Just to add to the confusion, when parsing large FASTA sequence files, I
have been using a home-rolled Flex/Pyrex parser (if you'd like a copy,
drop me a line).  I've used Peter's test framework on the same input
file (NC_000913.ffn), using BioPython 1.41, with Python 2.4 on Fedora
Core 3 (up-to-date, eh? ;) ) to get the following typical results:

4.07s FormatIO/SeqRecord (for record in interator)
4.05s FormatIO/SeqRecord (iterator.next)
0.32s SeqIO.FASTA.FastaReader (for record in interator)
0.30s SeqIO.FASTA.FastaReader (iterator.next)
0.31s SeqIO.FASTA.FastaReader (iterator[i])
5.53s Fasta.RecordParser (for record in interator)
5.00s Fasta.SequenceParser (for record in interator)
4.80s Fasta.SequenceParser (iterator.next)
0.18s SeqUtils/quick_FASTA_reader
0.11s pyfastaseqlexer/next_record
0.09s pyfastaseqlexer/quick_FASTA_reader
0.19s SeqUtils/quick_FASTA_reader (conversion to Seq)
0.14s pyfastaseqlexer/next_record (conversion to Seq)
0.11s pyfastaseqlexer/quick_FASTA_reader (conversion to Seq)
0.32s SeqUtils/quick_FASTA_reader (conversion to SeqRecord)
0.17s pyfastaseqlexer/next_record (conversion to SeqRecord)
0.16s pyfastaseqlexer/quick_FASTA_reader (conversion to SeqRecord)

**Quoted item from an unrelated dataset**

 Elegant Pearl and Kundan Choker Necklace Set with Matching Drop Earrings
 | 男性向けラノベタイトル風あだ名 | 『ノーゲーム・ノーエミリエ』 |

pyfastaseqlexer is my Flex/Pyrex combination, which has a number of
methods for reading in FASTA sequences.  Here I've used the two that
correspond to the Bio.SeqUtils.quick_FASTA_reader method (overlooked in
the original list, but also included here for comparison), and Peter's
iterator method for his tests.  Since these extra methods don't return
Bio.Seq or Bio.SeqRecord objects, but instead lists of (name, sequence)
tuples, I've also included test functions that carry out the conversion
in Python, and their timings.

It's probably not a surprise that a dedicated Flex-based parser shows
such a dramatic speed improvement over the Martel-based parsers.  The
improvement over SeqIO.FASTA.FastaReader and SeqUtils.quick_FASTA_reader
is only marginal, though (a factor of approximately two when conversion
to SeqRecord is taken into account).  

Since we've been discussing the need to use only strings to represent
sequences recently, it's interesting to note that
SeqUtils.quick_FASTA_reader is about twice as fast as
SeqIO.FASTA.FastaReader if there is no conversion of sequences from
strings to Seq or SeqRecord objects.

While the Flex-based parser is the fastest in these tests, the time
saved is marginal unless a large FASTA file is being parsed.  Using a
file with over 72000 entries (Phytophthora infestans ESTs), my typical
timings become:

51.22s FormatIO/SeqRecord (for record in interator)
45.64s FormatIO/SeqRecord (iterator.next)
4.26s SeqIO.FASTA.FastaReader (for record in interator)
4.10s SeqIO.FASTA.FastaReader (iterator.next)
4.30s SeqIO.FASTA.FastaReader (iterator[i])
58.39s Fasta.RecordParser (for record in interator)
59.97s Fasta.SequenceParser (for record in interator)
58.70s Fasta.SequenceParser (iterator.next)
2.20s SeqUtils/quick_FASTA_reader
1.13s pyfastaseqlexer/next_record
0.56s pyfastaseqlexer/quick_FASTA_reader
2.20s SeqUtils/quick_FASTA_reader (conversion to Seq)
1.53s pyfastaseqlexer/next_record (conversion to Seq)
0.84s pyfastaseqlexer/quick_FASTA_reader (conversion to Seq)
2.97s SeqUtils/quick_FASTA_reader (conversion to SeqRecord)
2.11s pyfastaseqlexer/next_record (conversion to SeqRecord)
1.35s pyfastaseqlexer/quick_FASTA_reader (conversion to SeqRecord)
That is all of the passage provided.